Ce sont les Jeux Olympiques de karaté et les finales de la division des poids lourds sont sur le point de commencer.
Sur scène, l’échauffement est le favori pour gagner.
Michael le destructeur Chen, pas son vrai nom, a changé de son nom de naissance chinois pour sonner plus américain, plus commercialisable.
Michael a 28 ans, 6’2″ de haut, 215 livres de muscle de karaté pur.
Il s’entraîne depuis l’âge de 6 ans, 22 ans de pratique dévouée.
Ceinture noire quatrième dan en karaté Shotokan.
Il a remporté ce tournoi trois années de suite, invaincu en compétition depuis cinq ans, 47 victoires consécutives.
Il est le champion incontesté du karaté américain, et il le sait.
Sa confiance frise l’arrogance.
En fait, il traverse complètement cette frontière.
Michael occupe le devant de la scène dans son impeccable GE blanc.
Sa ceinture noire est parfaitement nouée.
Son écusson montre son dojo, son grade, ses réalisations.

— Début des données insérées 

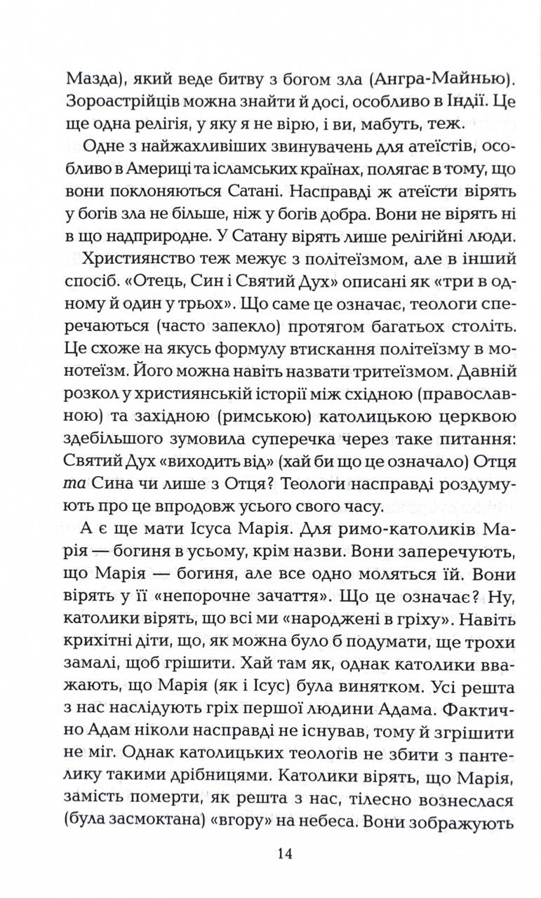 Книга провокує на глибоке осмислення релігії, закликає замислитися над тим, кому і навіщо потрібна віра, та чи може сучасна людина жити без неї.

Il s’étire, lance des coups de poing d’entraînement.
L’air se brise à chaque coup.
Sa technique est parfaite.
Manuel de Shotokan.
Poses profondes, mouvements linéaires, coups puissants, tout selon les règles.
Le public le voit s’échauffer, impressionné, intimidé.
On dirait un champion.
Il se comporte comme un champion.
Et il ne manque jamais une occasion de rappeler à tout le monde qu’il est le champion.

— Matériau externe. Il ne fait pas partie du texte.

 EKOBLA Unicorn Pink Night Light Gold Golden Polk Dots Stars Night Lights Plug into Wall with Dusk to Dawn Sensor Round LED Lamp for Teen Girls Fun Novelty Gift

L’organisateur du tournoi lui tend le micro, une tradition avant la finale.
Le champion parle, motive, inspire, donne le ton.
Michael prend le micro.
Sa voix résonne dans les haut-parleurs de l’arène.
Mesdames et messieurs, artistes martiaux, collègues compétiteurs, votre voix est forte, confiante, dominante.
Je suis ici aujourd’hui en tant que votre triple champion.
47 victoires consécutives, 5 années invaincues.
Le public applaudit, respectueux, attendu.
J’ai prouvé que le karaté Shotokan est l’art martial supérieur que le karaté japonais est le système de combat le plus efficace au monde.
Certains dans le public changent inconfortablement, c’est une déclaration audacieuse.
La politique des arts martiaux est sensible, différents styles, différents pays, différentes philosophies.
Michael poursuit: “J’ai affronté tous les styles, vaincu tous les défis, et je continuerai à prouver que le karaté traditionnel japonais est imbattable.
“Le public est plus calme maintenant.
Certaines personnes ne sont pas d’accord, mais Michael est le champion.
Il a gagné le droit de parler.
Alors Michael fait une erreur.
Une grosse erreur.
Je veux aborder quelque chose qui me tracasse.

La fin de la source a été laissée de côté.